→ Task instructions: Pictures must not appear in the copy. Restate exactly the lines below from the one with "テストベンチ上で作動中のマル" through the one with "Kniha obsahuje náměty", inclusive.

→ Data to examine:
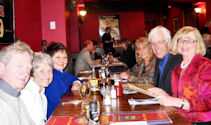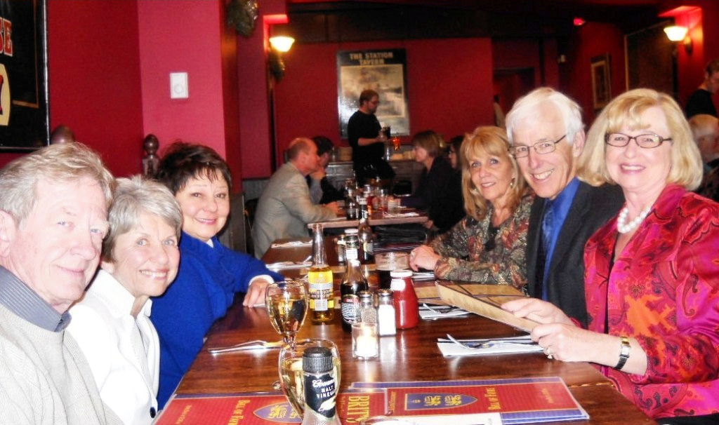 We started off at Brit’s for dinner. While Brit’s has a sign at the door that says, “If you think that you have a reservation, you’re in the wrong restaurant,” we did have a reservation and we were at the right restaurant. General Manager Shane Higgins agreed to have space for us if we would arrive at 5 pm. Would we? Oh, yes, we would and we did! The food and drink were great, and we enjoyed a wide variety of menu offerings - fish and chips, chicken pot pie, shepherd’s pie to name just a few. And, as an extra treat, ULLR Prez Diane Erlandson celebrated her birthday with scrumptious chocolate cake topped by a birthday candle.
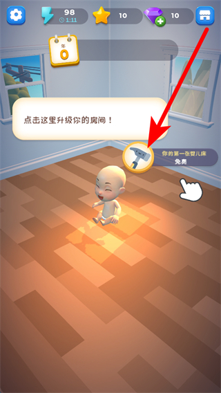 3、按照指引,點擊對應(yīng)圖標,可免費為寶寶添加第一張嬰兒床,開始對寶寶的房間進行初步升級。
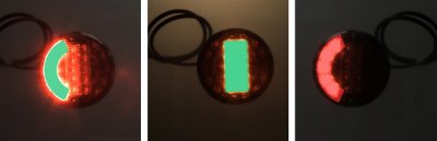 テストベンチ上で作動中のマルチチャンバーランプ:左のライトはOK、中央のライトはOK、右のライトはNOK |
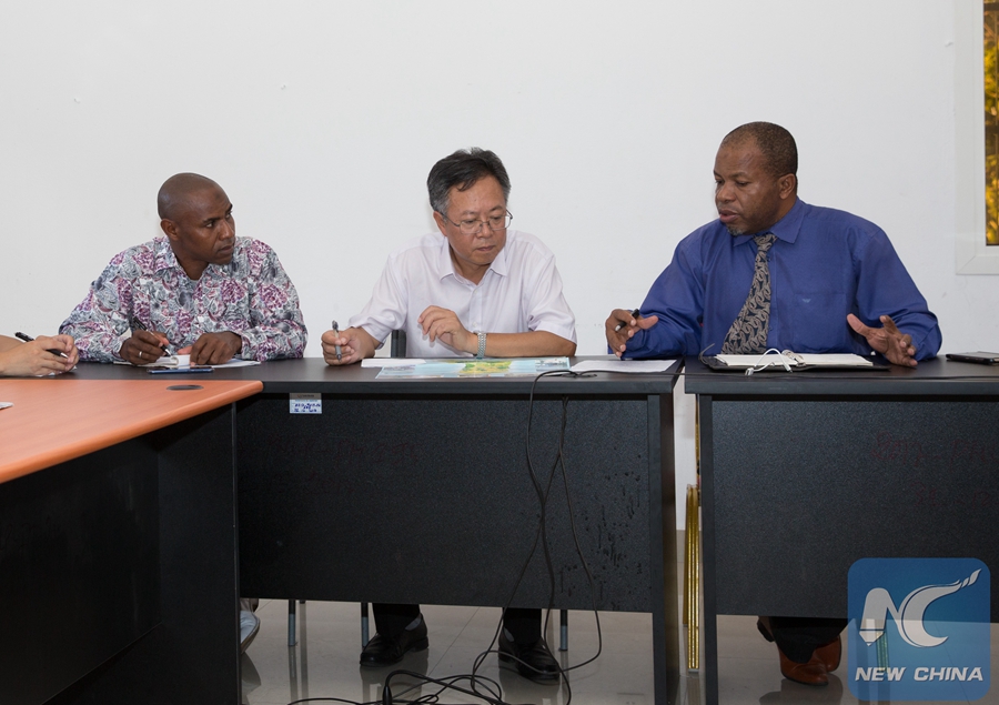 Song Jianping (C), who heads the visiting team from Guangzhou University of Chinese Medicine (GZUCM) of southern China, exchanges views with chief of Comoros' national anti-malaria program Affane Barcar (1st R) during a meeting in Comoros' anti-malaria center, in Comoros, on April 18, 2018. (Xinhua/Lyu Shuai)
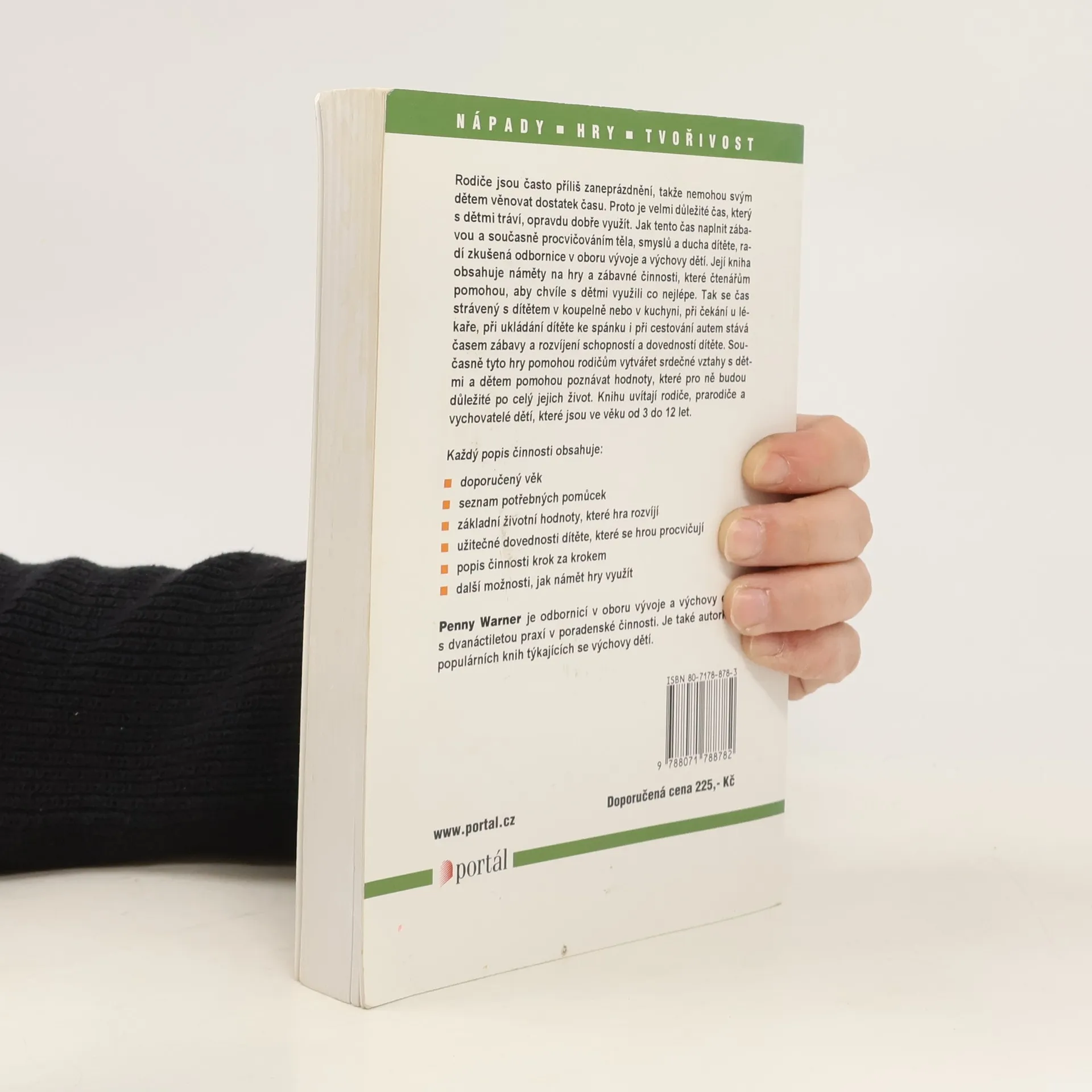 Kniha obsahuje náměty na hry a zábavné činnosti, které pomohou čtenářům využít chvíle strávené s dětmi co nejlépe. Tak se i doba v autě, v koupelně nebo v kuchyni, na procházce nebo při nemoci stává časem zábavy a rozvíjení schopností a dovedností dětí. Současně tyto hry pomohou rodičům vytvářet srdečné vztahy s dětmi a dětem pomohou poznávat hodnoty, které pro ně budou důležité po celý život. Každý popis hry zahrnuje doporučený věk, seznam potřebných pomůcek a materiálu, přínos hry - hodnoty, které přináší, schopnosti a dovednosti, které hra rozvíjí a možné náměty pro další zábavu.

---

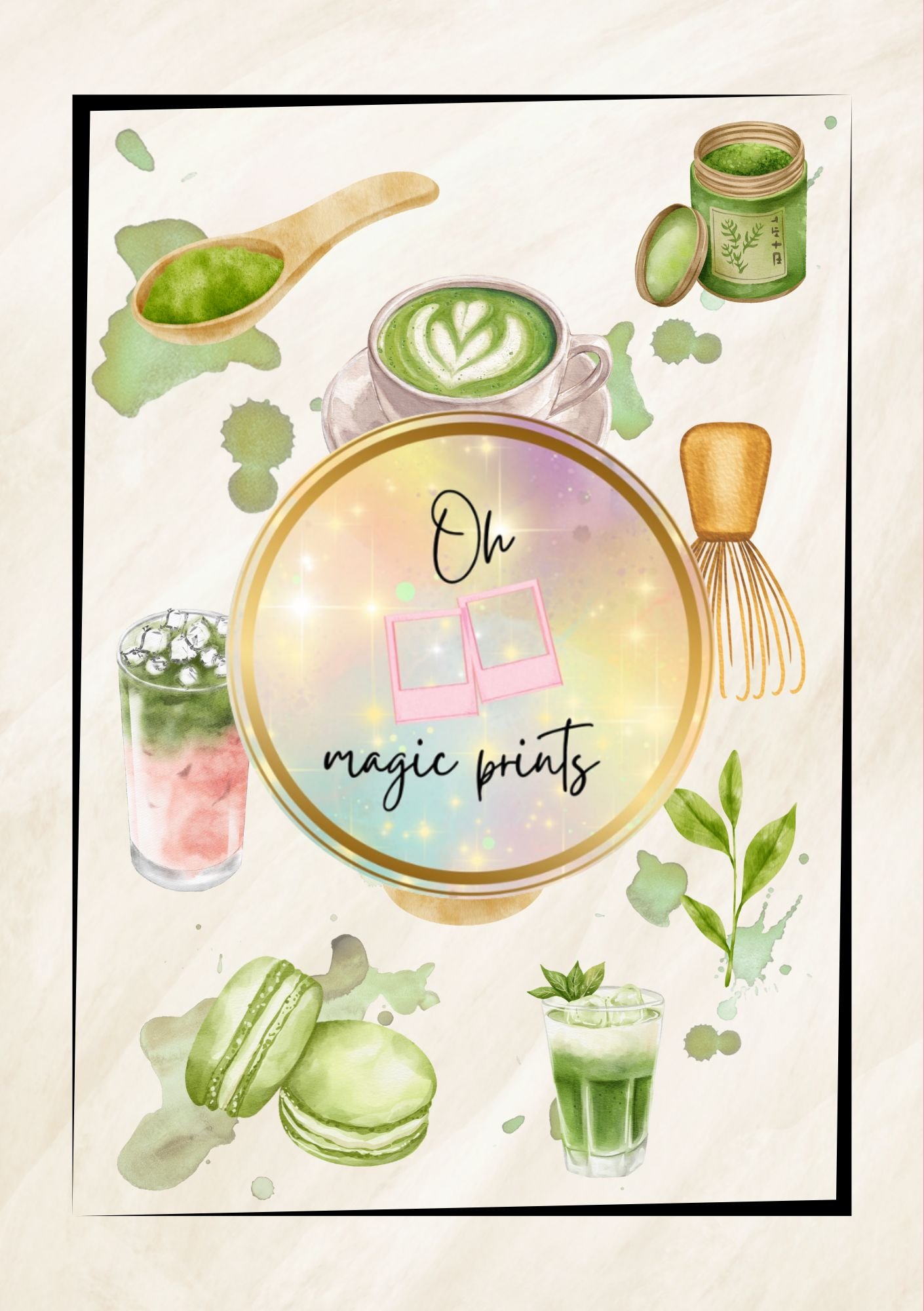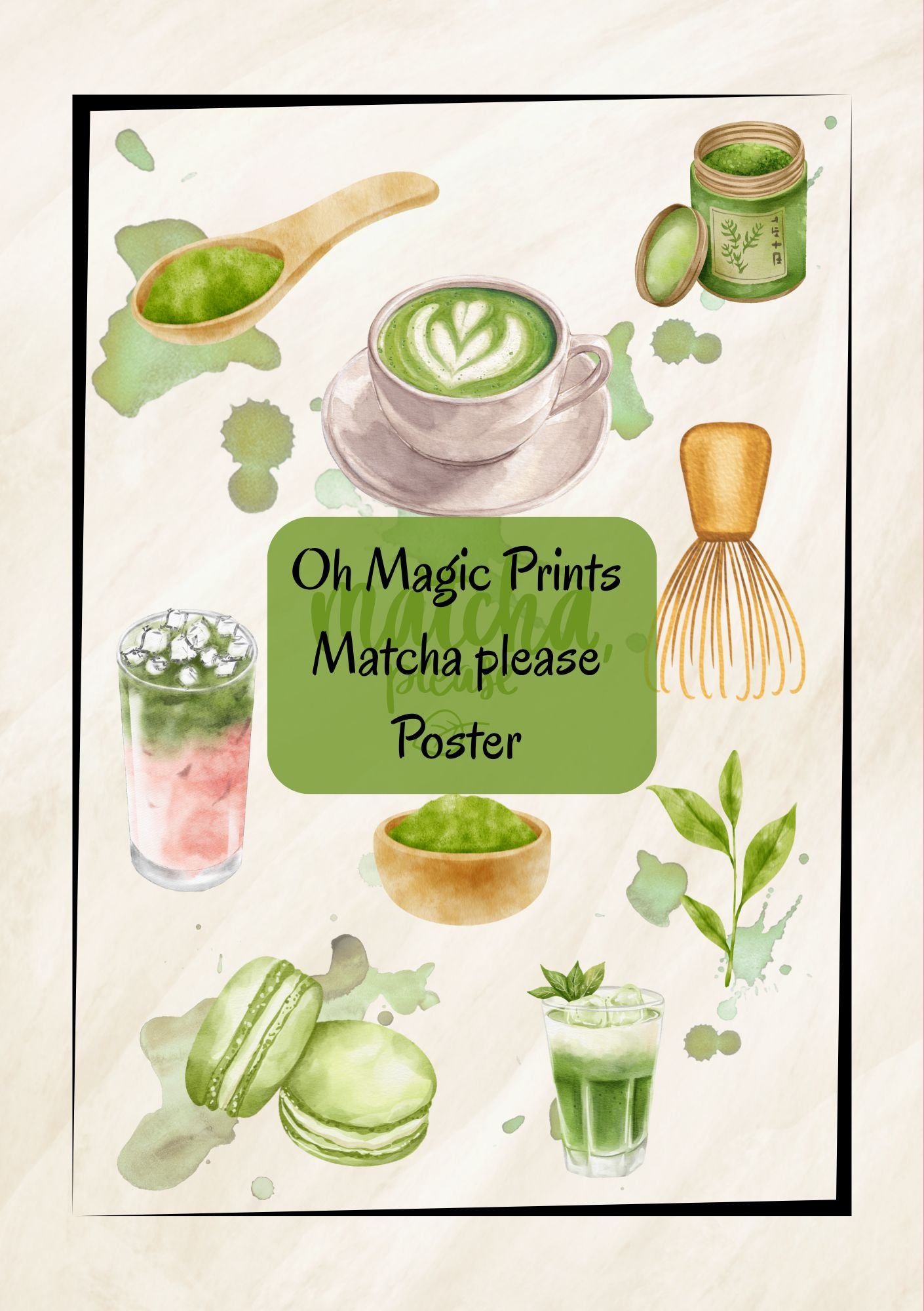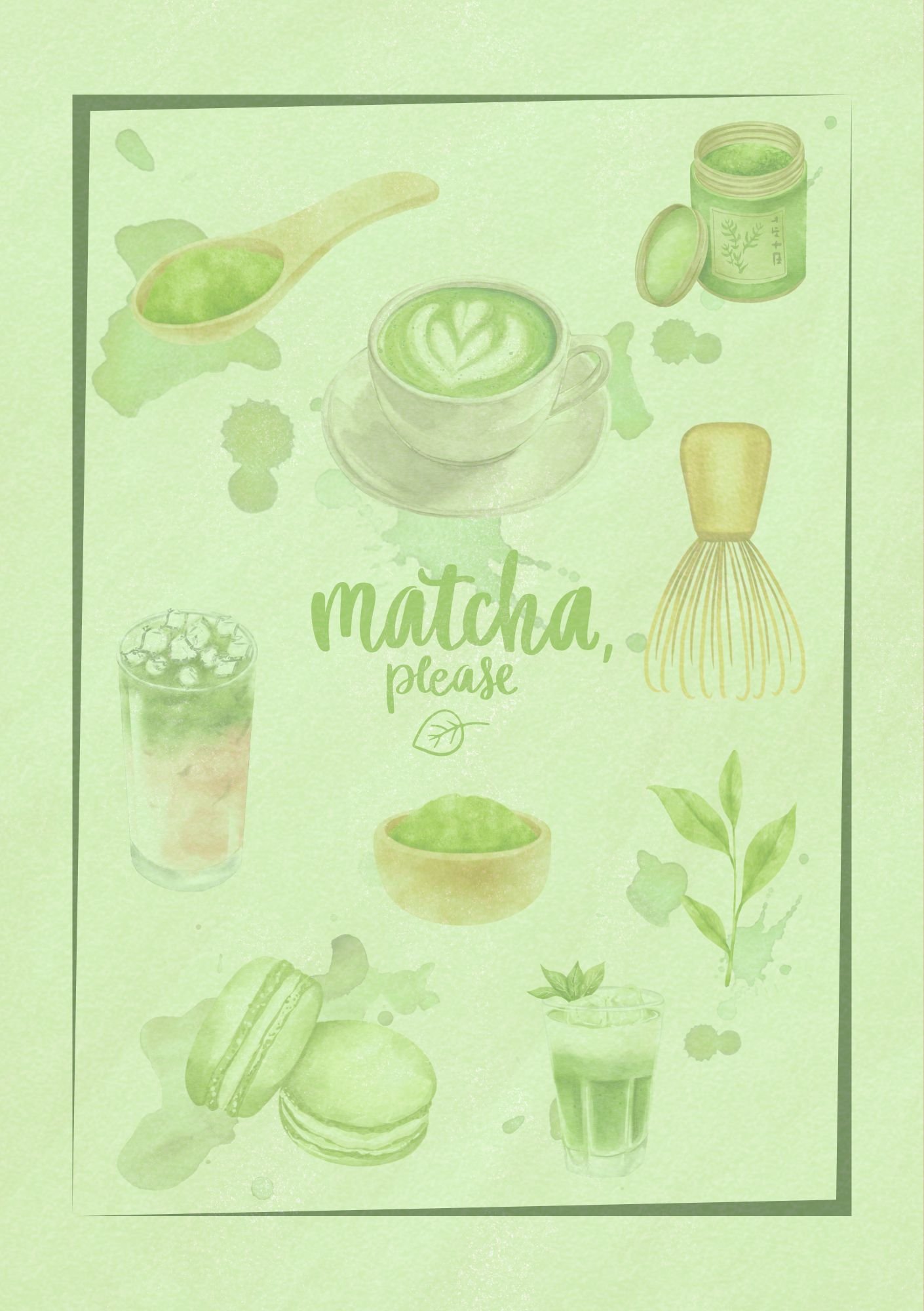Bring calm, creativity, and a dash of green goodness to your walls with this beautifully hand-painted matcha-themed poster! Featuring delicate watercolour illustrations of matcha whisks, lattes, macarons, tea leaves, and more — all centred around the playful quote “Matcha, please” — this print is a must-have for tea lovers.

→ Task result:
 テストベンチ上で作動中のマルチチャンバーランプ:左のライトはOK、中央のライトはOK、右のライトはNOK |
 Song Jianping (C), who heads the visiting team from Guangzhou University of Chinese Medicine (GZUCM) of southern China, exchanges views with chief of Comoros' national anti-malaria program Affane Barcar (1st R) during a meeting in Comoros' anti-malaria center, in Comoros, on April 18, 2018. (Xinhua/Lyu Shuai)
 Kniha obsahuje náměty na hry a zábavné činnosti, které pomohou čtenářům využít chvíle strávené s dětmi co nejlépe. Tak se i doba v autě, v koupelně nebo v kuchyni, na procházce nebo při nemoci stává časem zábavy a rozvíjení schopností a dovedností dětí. Současně tyto hry pomohou rodičům vytvářet srdečné vztahy s dětmi a dětem pomohou poznávat hodnoty, které pro ně budou důležité po celý život. Každý popis hry zahrnuje doporučený věk, seznam potřebných pomůcek a materiálu, přínos hry - hodnoty, které přináší, schopnosti a dovednosti, které hra rozvíjí a možné náměty pro další zábavu.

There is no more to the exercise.